Mau naik motor…waaah, jauh panggang dari api. Saya belum pernah mengendarai sepeda motor seumur hidup. Jadi pilihan ini juga saya coret dari daftar.
Bike to work? Hmmm… kayaknya juga enggak deh. Selain dari sisi jarak yang menurut saya lumayan jauh untuk ditempuh dengan bersepeda, saya juga kurang percaya diri di tengah kondisi jalanan Jakarta yang bak hutan belantara. Siapa yang kuat dan pe-de, dialah yang jalan duluan.
Akhirnya, kereta api CommuterLine tetap jadi pilihan saya. Sebelumnya saya juga pengguna on-off CommuterLine selama 2012 ini. Dilihat dari sisi jadwal keberangkatan (seandainya tepat waktu), CommuterLine yang berangkat setiap 30-40 menit sekali menawarkan fleksibilitas waktu. Dilihat dari harga tiket Rp8.500 (dan ojek Rp10.000) menurut saya masih setara dengan 2 liter bensin yang  saya gunakan untuk perjalanan one-way 17 kilometer dengan tingkat kemacetan ‘wajar’. Dilihat dari jarak rumah-stasiun dan kantor-stasiun, saya pikir tidak terlalu jauh (sekitar 1-2 kilometer) sehingga bisa ditempuh dengan bajaj, ojek, atau bahkan berjalan kaki. Dari sisi berjubelnya penumpang, kebetulan jalur CL ke arah rumah saya masih bisa dibilang nggak terlalu memprihatinkan seperti jalur lainnya ke arah Serpong, Bogor, dan Depok. Tahan-tahan sebentar deh, tokh dalam 30 menit saya sudah turun di stasiun dekat rumah.

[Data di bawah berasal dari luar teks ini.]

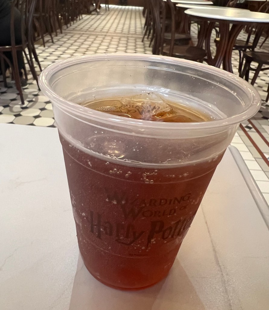 To drink, we sampled Thé Fraise, one of the specialty drinks offered at Café L’air De La Sirène and Bar Moonshine. This drink is a strawberry mint iced tea and was very refreshing on a hot day! Thé Fraise actually stood out to us as one of the best specialty drinks we tasted during our time at the park.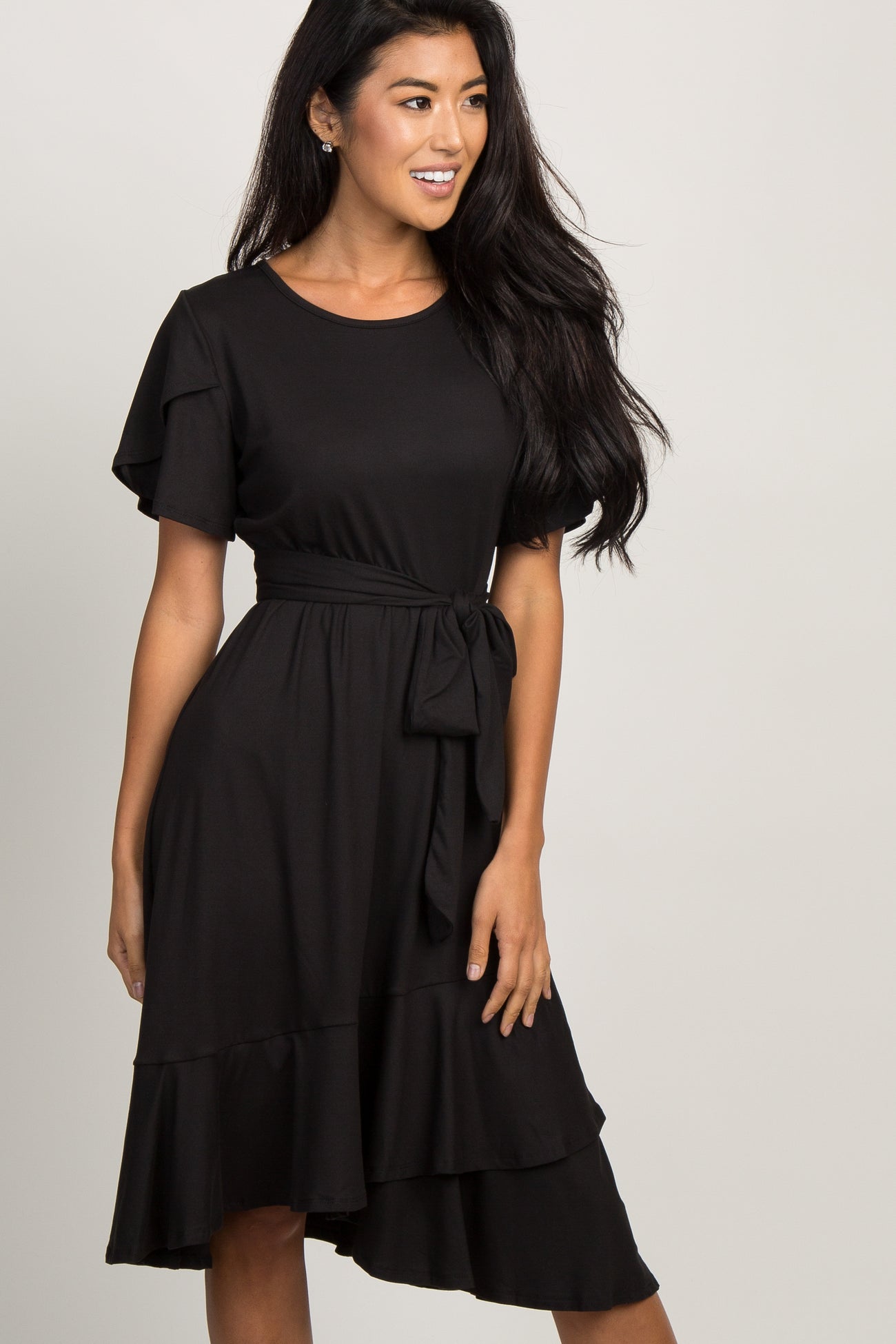 Black Solid Flounce Trim Dress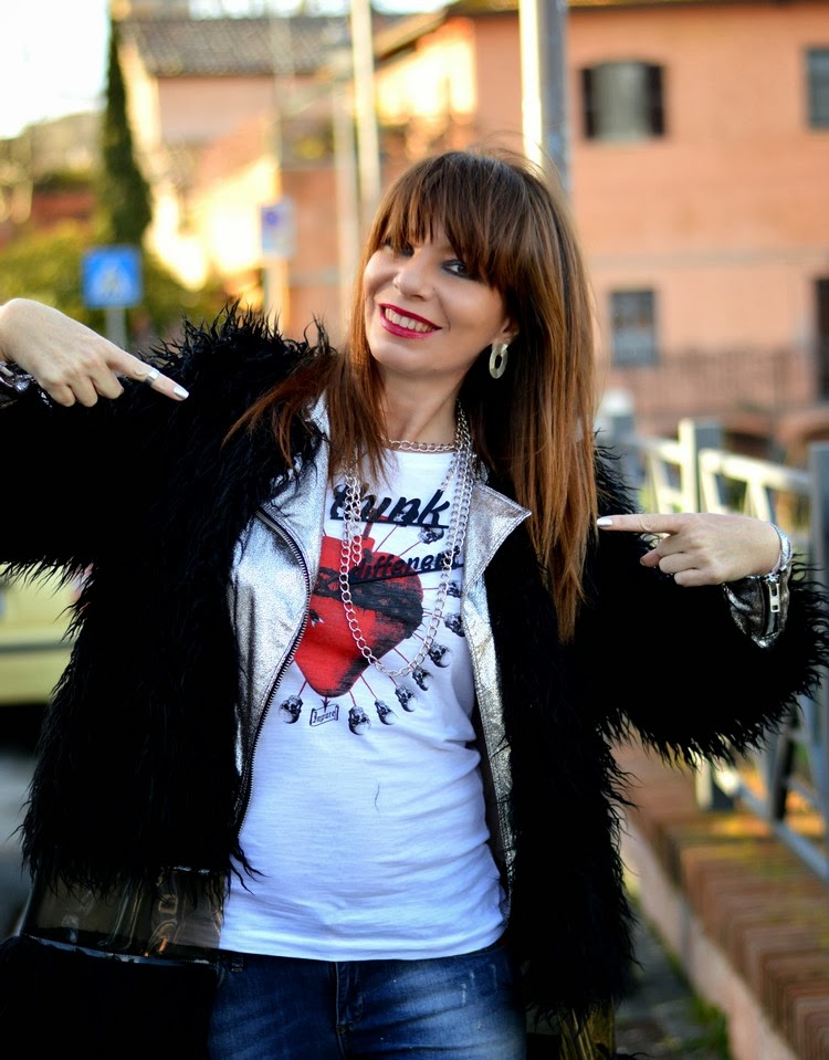 Stai sempre molto bene con questo stile rock! La tee è proprio carina, bella anche la collana e il chiodo portato sotto al pellicciotto!

Jadi, mulai hari ini… dengan hati yang bulat, saya niatkan untuk istiqomah memerangi kemacetan Jakarta dengan… naik CommuterLine. Semoga nggak terlalu banyak pekerjaan akhir tahun yang membuat saya harus lembur. Semoga musim hujan tidak menyebabkan banjir atau membuat rusaknya sentra CommuterLine. Semoga CommuterLine bisa tepat waktu. Semoga. Demi kualitas hidup yang lebih baik. Bismillah.